Data extracted from a collection:
::::::::::

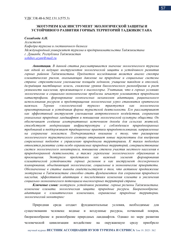 В данной статья рассматривается значение экологического туризма как одной из ведущих инструментов экологической защиты и устойчивого развития горных районов Таджикистана. Предметом исследования является анализ спектра климатических рисков, оказывающих давление на природные и социальные системы страны: стремительное уменьшение площади ледников, учащение паводков и оползней, деградация пастбищных земель, снижение уровня биологического разнообразия и рост уязвимости населения, проживающего в высокогорье. Учитывая, что в горных условиях экологические и социально-экономические проблемы зачастую усиливаются природными катастрофами, формирование комплексных механизмов адаптации, рационального использования ресурсов и предотвращения экологических угроз становится критически важным. Термин «экологический туризм» трактуется как экологически ориентированная и устойчивая форма туристской деятельности. Его рассматривают как эффективный инструмент уменьшения антропогенного воздействия, сохранения уникальных природных ландшафтов и повышения экологической культуры общества. Он обеспечивает создание альтернативных источников дохода для сельских жителей, способствует модернизации инфраструктуры с соблюдением природоохранных требований и поддерживает традиционные практики природопользования, направленные на сохранение экосистем. Подчеркивается внимание к тому, что расширение экологического туристического сектора открывает новые перспективы для внедрения современных подходов к управлению природными территориями. К таким подходам относятся развитие сети особо охраняемых природных территорий, совершенствование систем экологического мониторинга, повышение степени участия местного населения в природоохранной деятельности, а также укрепление экологического образования и просвещения. Экотуризм представлен как важный элемент формирования климатической устойчивости горных регионов и как инструмент долгосрочного планирования, объединяющий экологические, социальные и экономические приоритеты. Обозначенные в статье выводы свидетельствуют о том, что активное продвижение экотуризма в Таджикистане способно стать фундаментом для сохранения природного наследия, эффективной адаптации к последствиям изменения климата и увеличения социально-экономического потенциала высокогорных территорий страны.
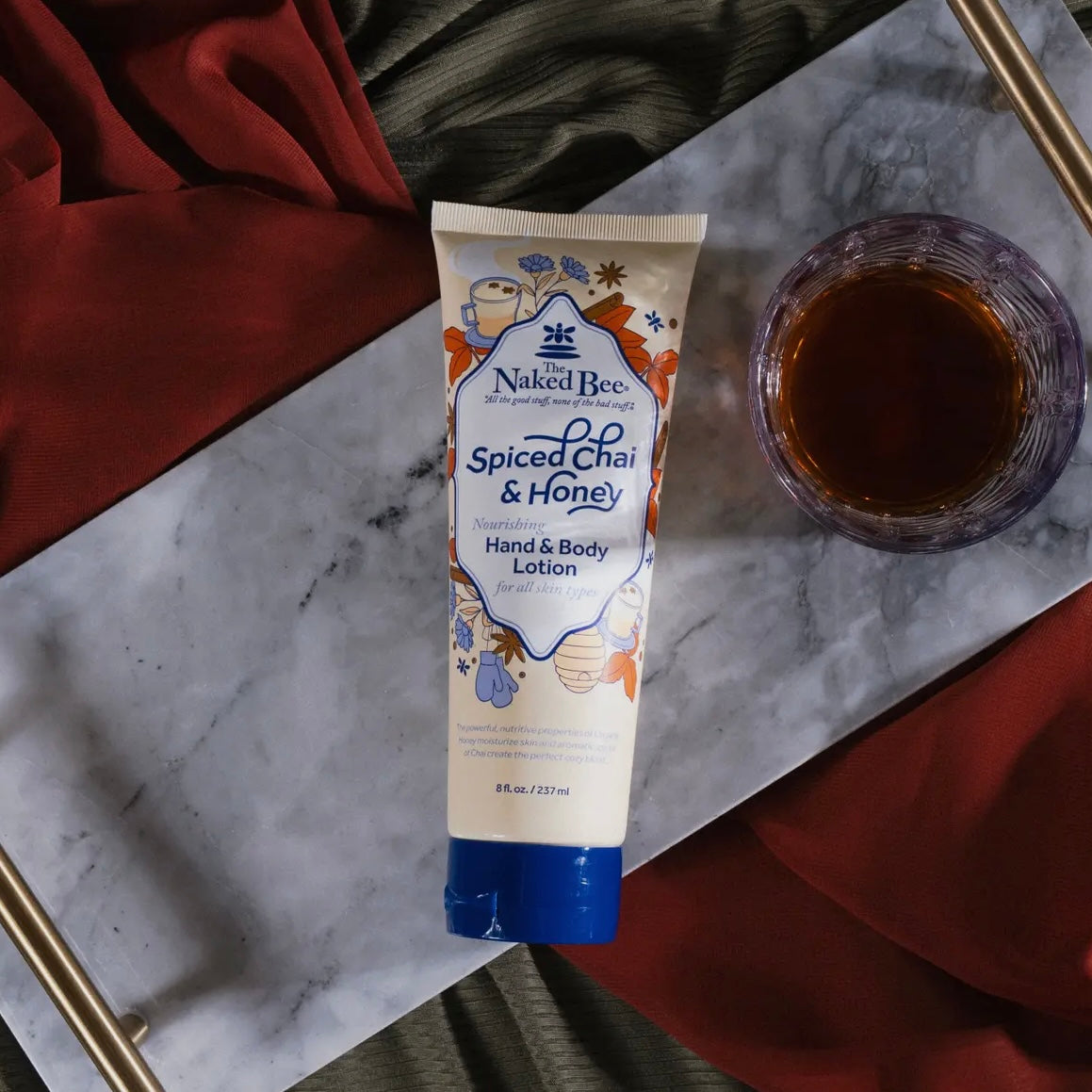 Wrap yourself in the luxurious embrace of autumn with our Spiced Chai & Honey Nourishing Hand & Body Lotion. This seasonal treasure offers more than the warm, aromatic blend of spiced chai and honey, it also nourishes your skin, leaving it feeling silky and rejuvenated. Perfect for those who seek a cozy, indulgent escape with every use, this limited edition lotion is your go-to for softening and pampering throughout the cooler months.
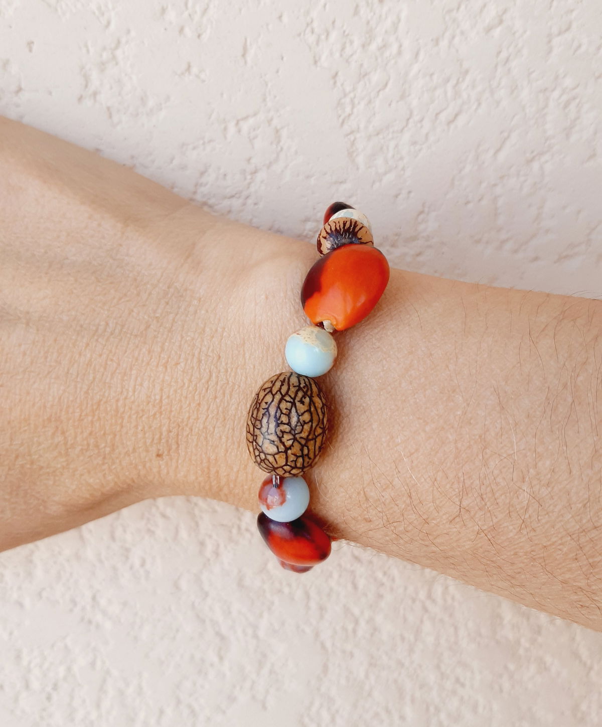Pulsera elástica elaborada con piedras naturales de Jaspe Imperial, semillas de Hauyruro y cerebrito.
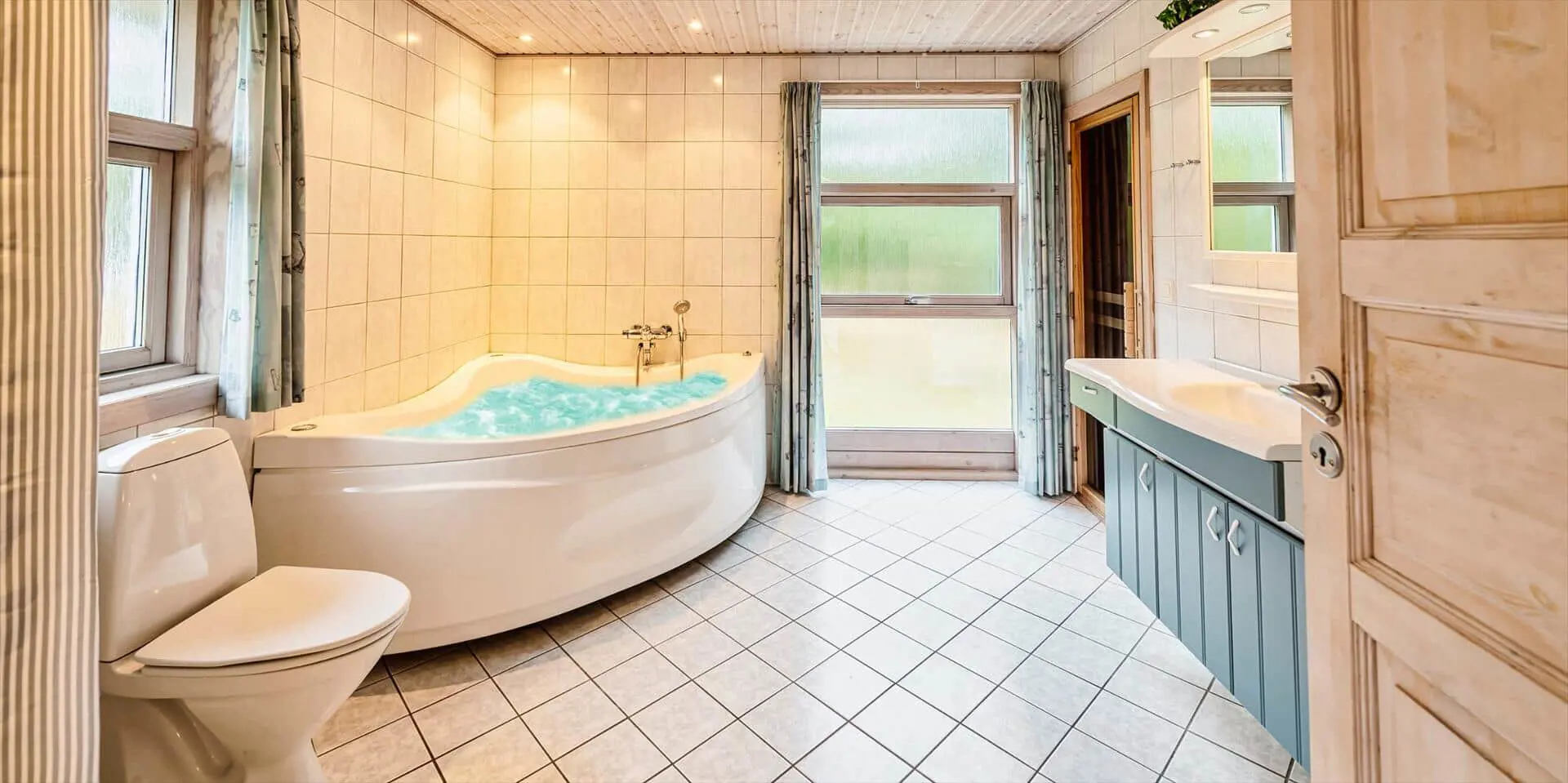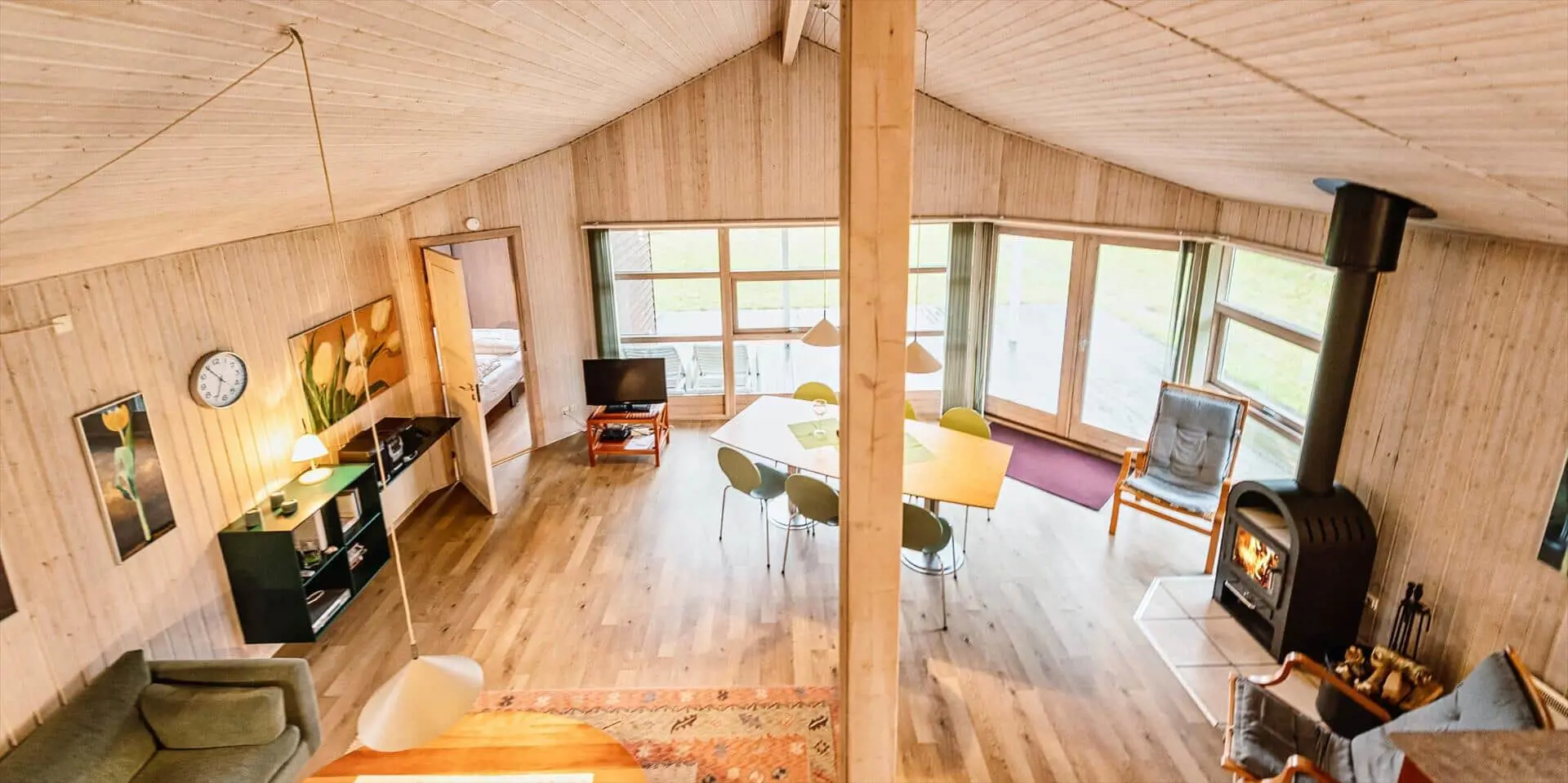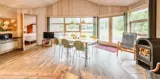 Tritt ein in einen Wohnraum, in dem eine große, weiche Sofaecke zu langen Entspannungstagen einlädt, mit Büchern, Brettspielen oder einem guten Film als natürlichen Begleitern. Die Farbe Grün ist dezent und durchgehend in den Räumen vertreten; Textilien, Kissen und Details verbinden das Innere mit den umliegenden Grünflächen, so dass du fast den Duft der Heide im Wohnzimmer spüren kannst. Ein effizienter Kaminofen verbreitet schnell Wärme und gemütliches Knistern, das an kühlen Abenden eine besondere Ferienstimmung entfacht, während natürliches Licht durch große Fenster strömt. Das Bad setzt das großzügige Raumgefühl des Hauses fort mit einem wunderbaren Whirlpool und einer Sauna, in der du die Erlebnisse des Tages nachklingen lassen, die Wärme fühlen und das Rauschen des Windes in den nahegelegenen Bäumen hören kannst — ein Gefühl von Wohlbefinden und Ruhe, welches das Abschalten leicht macht.
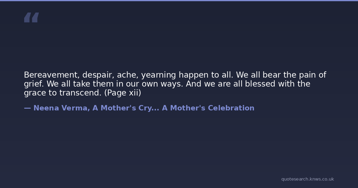 Bereavement, despair, ache, yearning happen to all. We all bear the pain of grief. We all take them in our own ways. And we are all blessed with the grace to transcend. (Page xii)
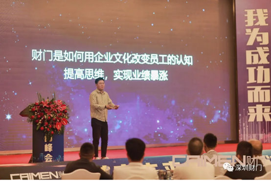 董事长黄少安则和大家分享了如何困扰行业的同质化的营销痛点,从多个维度向大家揭秘财门集团连续数年业绩翻倍的秘密。深入浅出剖析了财门是如何用企业文化改变员工认知,提高思维,实现业界暴涨。
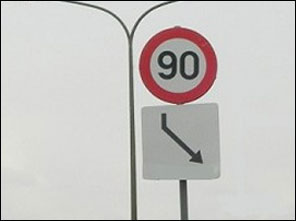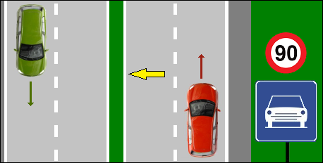 ![]() ![]() | Verbodsbord | Maximaal toegelaten snelheid op de afrit: 90 km/uur. |
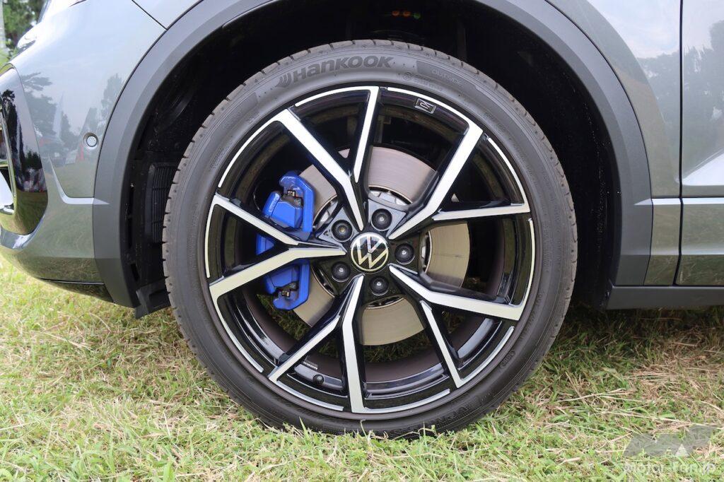 まずは車両概要から整理していこう。T-Roc Rの全長×全幅×全高は4245mm×1825mm×1570mmで、T-Rocより全高が20mm低い以外は同じ。大きく異なるイメージを漂わせる理由は、迫力ある専用のフロントバンパーと、T-Rocより2〜3インチ大径の19インチアルミホイールにある。開口面積の大きなホイールから覗く、ブルーにペイントされたブレーキキャリパーがアクセントになっている。
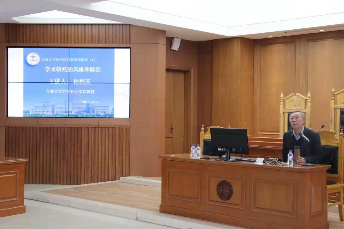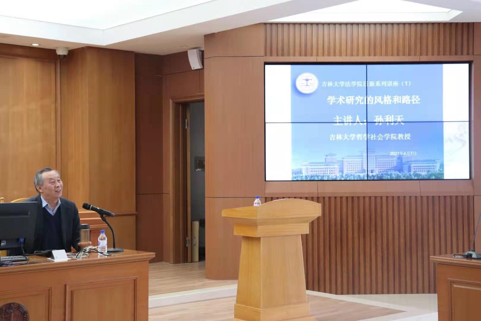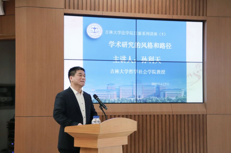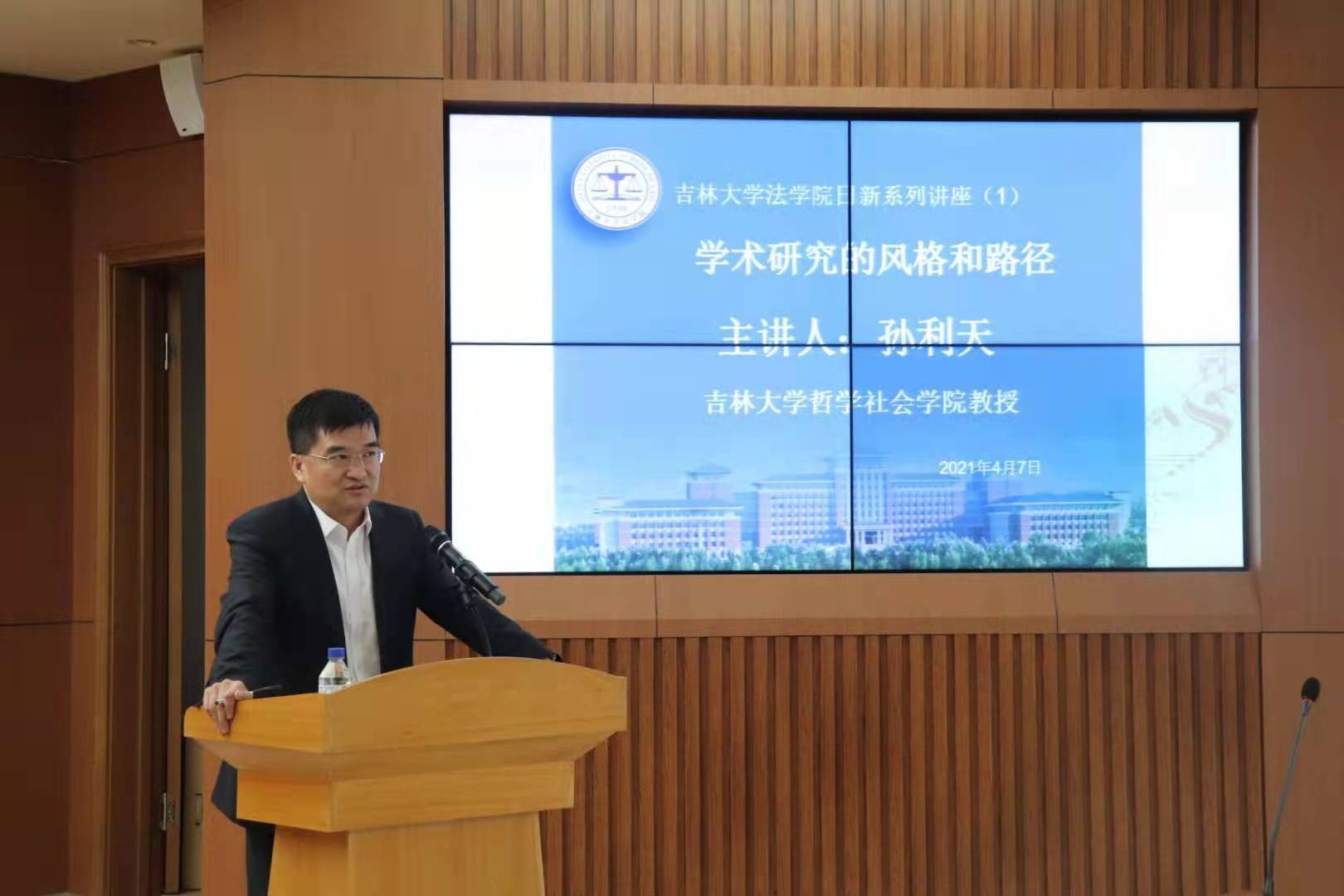 2021年4月7日下午,吉大法学日新系列讲座第一讲在中心校区三教五阶举行,我国著名哲学家、吉林大学匡亚明特聘卓越教授、国家“万人计划”教学名师、哲学社会学院孙利天教授应邀为永利官网师生进行题为“学术研究的风格和路径”的学术讲座。本次讲座由77779193永利官网党委书记周春国主持,77779193永利官网院长何志鹏教授在讲座结束后进行了总结,77779193永利官网全体教师、部分博士研究生及硕士研究生现场聆听了讲座。

::::::::::

- EXERCISE GOAL -
Skipping every picture, reproduce the records word for word.

- ANSWER SECTION -
 В данной статья рассматривается значение экологического туризма как одной из ведущих инструментов экологической защиты и устойчивого развития горных районов Таджикистана. Предметом исследования является анализ спектра климатических рисков, оказывающих давление на природные и социальные системы страны: стремительное уменьшение площади ледников, учащение паводков и оползней, деградация пастбищных земель, снижение уровня биологического разнообразия и рост уязвимости населения, проживающего в высокогорье. Учитывая, что в горных условиях экологические и социально-экономические проблемы зачастую усиливаются природными катастрофами, формирование комплексных механизмов адаптации, рационального использования ресурсов и предотвращения экологических угроз становится критически важным. Термин «экологический туризм» трактуется как экологически ориентированная и устойчивая форма туристской деятельности. Его рассматривают как эффективный инструмент уменьшения антропогенного воздействия, сохранения уникальных природных ландшафтов и повышения экологической культуры общества. Он обеспечивает создание альтернативных источников дохода для сельских жителей, способствует модернизации инфраструктуры с соблюдением природоохранных требований и поддерживает традиционные практики природопользования, направленные на сохранение экосистем. Подчеркивается внимание к тому, что расширение экологического туристического сектора открывает новые перспективы для внедрения современных подходов к управлению природными территориями. К таким подходам относятся развитие сети особо охраняемых природных территорий, совершенствование систем экологического мониторинга, повышение степени участия местного населения в природоохранной деятельности, а также укрепление экологического образования и просвещения. Экотуризм представлен как важный элемент формирования климатической устойчивости горных регионов и как инструмент долгосрочного планирования, объединяющий экологические, социальные и экономические приоритеты. Обозначенные в статье выводы свидетельствуют о том, что активное продвижение экотуризма в Таджикистане способно стать фундаментом для сохранения природного наследия, эффективной адаптации к последствиям изменения климата и увеличения социально-экономического потенциала высокогорных территорий страны.
 Wrap yourself in the luxurious embrace of autumn with our Spiced Chai & Honey Nourishing Hand & Body Lotion. This seasonal treasure offers more than the warm, aromatic blend of spiced chai and honey, it also nourishes your skin, leaving it feeling silky and rejuvenated. Perfect for those who seek a cozy, indulgent escape with every use, this limited edition lotion is your go-to for softening and pampering throughout the cooler months.
Pulsera elástica elaborada con piedras naturales de Jaspe Imperial, semillas de Hauyruro y cerebrito.
 Tritt ein in einen Wohnraum, in dem eine große, weiche Sofaecke zu langen Entspannungstagen einlädt, mit Büchern, Brettspielen oder einem guten Film als natürlichen Begleitern. Die Farbe Grün ist dezent und durchgehend in den Räumen vertreten; Textilien, Kissen und Details verbinden das Innere mit den umliegenden Grünflächen, so dass du fast den Duft der Heide im Wohnzimmer spüren kannst. Ein effizienter Kaminofen verbreitet schnell Wärme und gemütliches Knistern, das an kühlen Abenden eine besondere Ferienstimmung entfacht, während natürliches Licht durch große Fenster strömt. Das Bad setzt das großzügige Raumgefühl des Hauses fort mit einem wunderbaren Whirlpool und einer Sauna, in der du die Erlebnisse des Tages nachklingen lassen, die Wärme fühlen und das Rauschen des Windes in den nahegelegenen Bäumen hören kannst — ein Gefühl von Wohlbefinden und Ruhe, welches das Abschalten leicht macht.
 Bereavement, despair, ache, yearning happen to all. We all bear the pain of grief. We all take them in our own ways. And we are all blessed with the grace to transcend. (Page xii)
 董事长黄少安则和大家分享了如何困扰行业的同质化的营销痛点,从多个维度向大家揭秘财门集团连续数年业绩翻倍的秘密。深入浅出剖析了财门是如何用企业文化改变员工认知,提高思维,实现业界暴涨。
 ![]() ![]() | Verbodsbord | Maximaal toegelaten snelheid op de afrit: 90 km/uur. |
 まずは車両概要から整理していこう。T-Roc Rの全長×全幅×全高は4245mm×1825mm×1570mmで、T-Rocより全高が20mm低い以外は同じ。大きく異なるイメージを漂わせる理由は、迫力ある専用のフロントバンパーと、T-Rocより2〜3インチ大径の19インチアルミホイールにある。開口面積の大きなホイールから覗く、ブルーにペイントされたブレーキキャリパーがアクセントになっている。
 2021年4月7日下午,吉大法学日新系列讲座第一讲在中心校区三教五阶举行,我国著名哲学家、吉林大学匡亚明特聘卓越教授、国家“万人计划”教学名师、哲学社会学院孙利天教授应邀为永利官网师生进行题为“学术研究的风格和路径”的学术讲座。本次讲座由77779193永利官网党委书记周春国主持,77779193永利官网院长何志鹏教授在讲座结束后进行了总结,77779193永利官网全体教师、部分博士研究生及硕士研究生现场聆听了讲座。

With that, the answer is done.